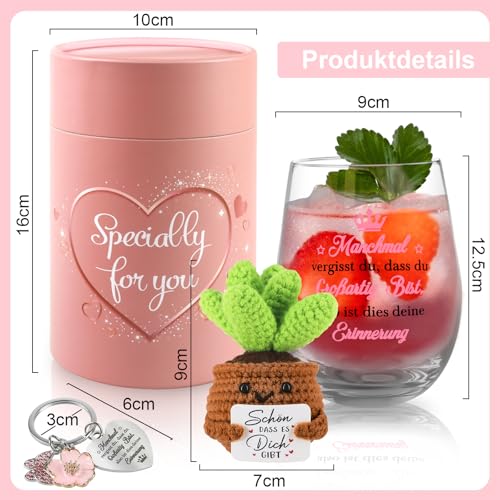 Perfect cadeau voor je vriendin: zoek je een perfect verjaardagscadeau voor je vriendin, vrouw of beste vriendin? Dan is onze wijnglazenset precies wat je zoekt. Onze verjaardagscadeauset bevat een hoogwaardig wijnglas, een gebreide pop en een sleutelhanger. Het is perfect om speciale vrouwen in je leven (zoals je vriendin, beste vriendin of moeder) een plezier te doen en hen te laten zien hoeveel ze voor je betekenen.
....
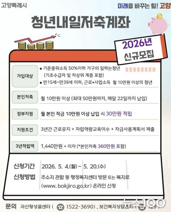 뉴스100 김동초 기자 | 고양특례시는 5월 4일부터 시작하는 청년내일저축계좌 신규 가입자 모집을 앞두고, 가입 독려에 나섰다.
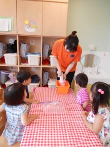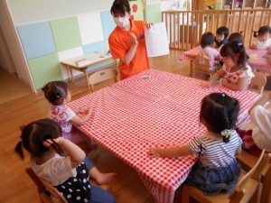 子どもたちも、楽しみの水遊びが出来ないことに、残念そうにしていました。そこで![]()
....
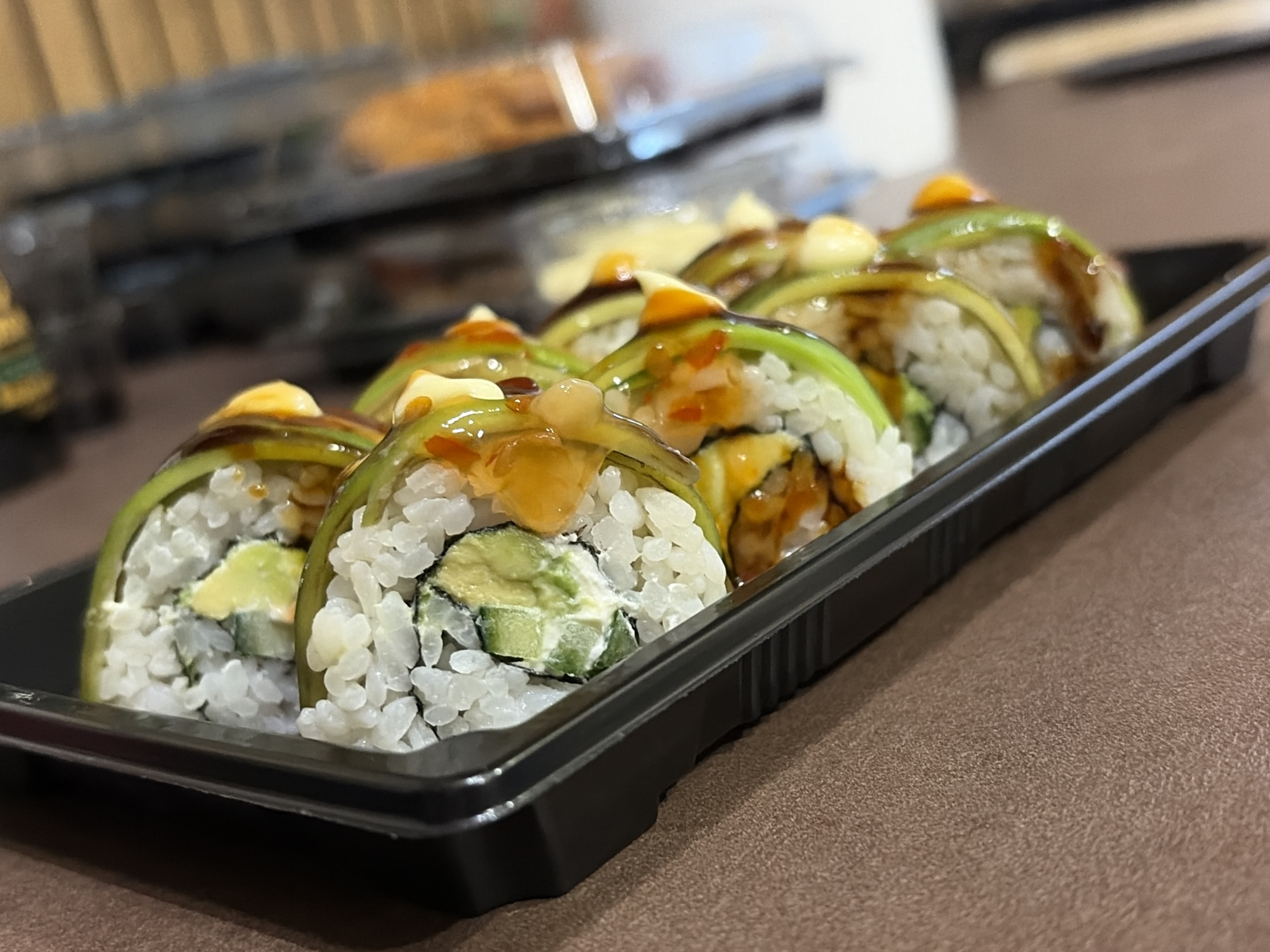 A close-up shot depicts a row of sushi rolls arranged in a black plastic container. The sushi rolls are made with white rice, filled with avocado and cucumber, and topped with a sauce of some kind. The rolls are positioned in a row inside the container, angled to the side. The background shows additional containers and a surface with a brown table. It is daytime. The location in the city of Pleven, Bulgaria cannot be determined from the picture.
....
Your objective: Exactly as written above, retype the lines starting at the one holding "뉴스100 김동초 기자" and ending at the one holding "子どもたちも、楽しみの水遊び", both included, but not the pictures.

Exercise output:
 뉴스100 김동초 기자 | 고양특례시는 5월 4일부터 시작하는 청년내일저축계좌 신규 가입자 모집을 앞두고, 가입 독려에 나섰다.
 子どもたちも、楽しみの水遊びが出来ないことに、残念そうにしていました。そこで![]()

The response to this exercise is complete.